Highlights & Insights¶
- Quantizing "convergence if correct, divergence if wrong" as a scalar: This simple insight is quantified into a training-free, model-agnostic, plug-and-play reliability signal that works for black-box/closed-source APIs.
- A single entropy value drives three functions: It serves verification (filter), ensemble (weight), and routing (decision), creating a highly self-consistent design.
- Distributional entropy vs. single scalar: Capturing distribution-level uncertainty allows CE to be more robust for diverse generation tasks (code, translation, structured extraction).
- Engineering robustness of Mean Distance: The properties of being "grid-independent" and "order-preserving" ensure it is stable across different discrete resolutions, which is crucial for deployment.

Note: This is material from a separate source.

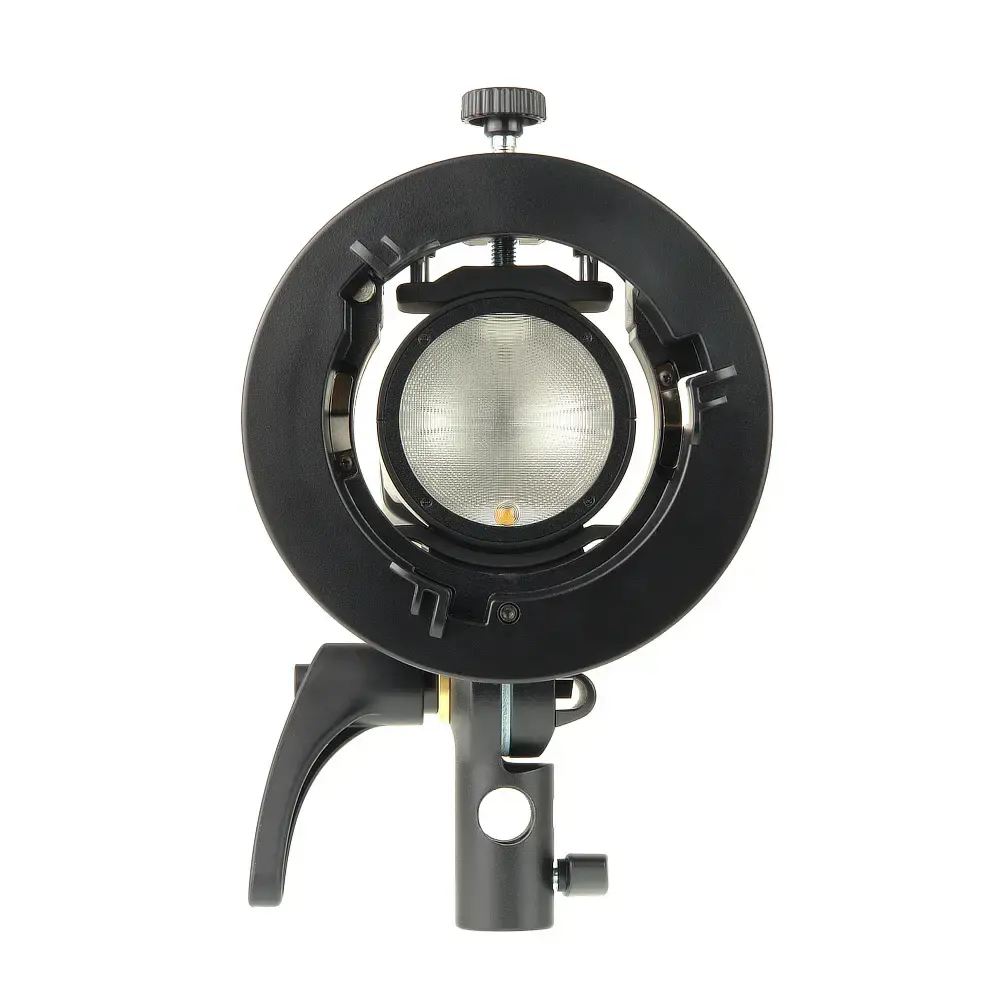 Godox S2 позволит раскрыть максимальный потенциал накамерной вспышки при работе с сотфбоксами, портретными тарелками, рефлекторами, конусами, фотозонтами и т. д. Кронштейн наклоняется почти на 180° и имеет крепление 5/8" для монтажа на стойке.

Limitations & Future Work¶
- Dependency on model diversity: Gains are weaker when using only a single model with multiple samplings compared to heterogeneous ensembles.
- Expert model upper bound: The final quality for high-entropy samples depends on the expert model \(M_{\text{exp}}\). If the expert is also wrong, the framework cannot correct it.

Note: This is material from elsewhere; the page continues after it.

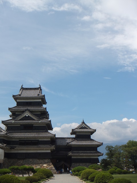 この夏、長野県に行った目的はこいつ 国宝松本城を観たかったから 城の一部分を補修していて白いシートがかかっているのがなんとも残念

- Threshold calibration required: The optimal \(\theta\) may shift across different datasets or languages and requires calibration before deployment.
- Consistent errors: High consensus on an incorrect answer (e.g., shared bias or data contamination) remains an inherent blind spot for all consensus-based methods.
Related Work & Insights¶
- vs VLM-as-Judge: The latter is limited by prompt sensitivity, bias, and inability to verify visual-text consistency. CE relies on spatial consistency, yielding 42.1% higher F1.

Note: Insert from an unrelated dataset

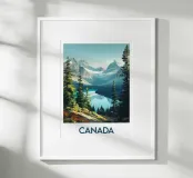 Een adembenemend uitzicht op een meer in de vorm van een wolf, omringd door besneeuwde bergen en dichte bossen. Een iconische illustratie van Canada, perfect voor een muurdecoratie geïnspireerd op de wildernis.

- vs VL-Uncertainty: CE addresses character-level differences through edit distance, whereas semantic clustering fails for structured OCR.
- vs ROVER: Discrete voting fails on open-ended VLM phrasing; CE operates in a continuous similarity space and is more robust.
- vs Self-Consistency: SC relies on multiple samplings of the same model. CE-OCR leverages cross-model consensus and dynamic routing, which is more effective (avg +8.2% vs SC avg -2.8%).
Rating¶
- Novelty: ⭐⭐⭐⭐⭐ The quantification of consensus into a unified entropy metric for verification/ensemble/routing is elegant.
- Experimental Thoroughness: ⭐⭐⭐⭐⭐ Massive model scale and extensive ablation across diverse benchmarks.
- Writing Quality: ⭐⭐⭐⭐ Clear motivation and examples; some technical details are pushed to the appendix.
- Value: ⭐⭐⭐⭐⭐ Practical solution for unsupervised OCR quality control and data cleaning.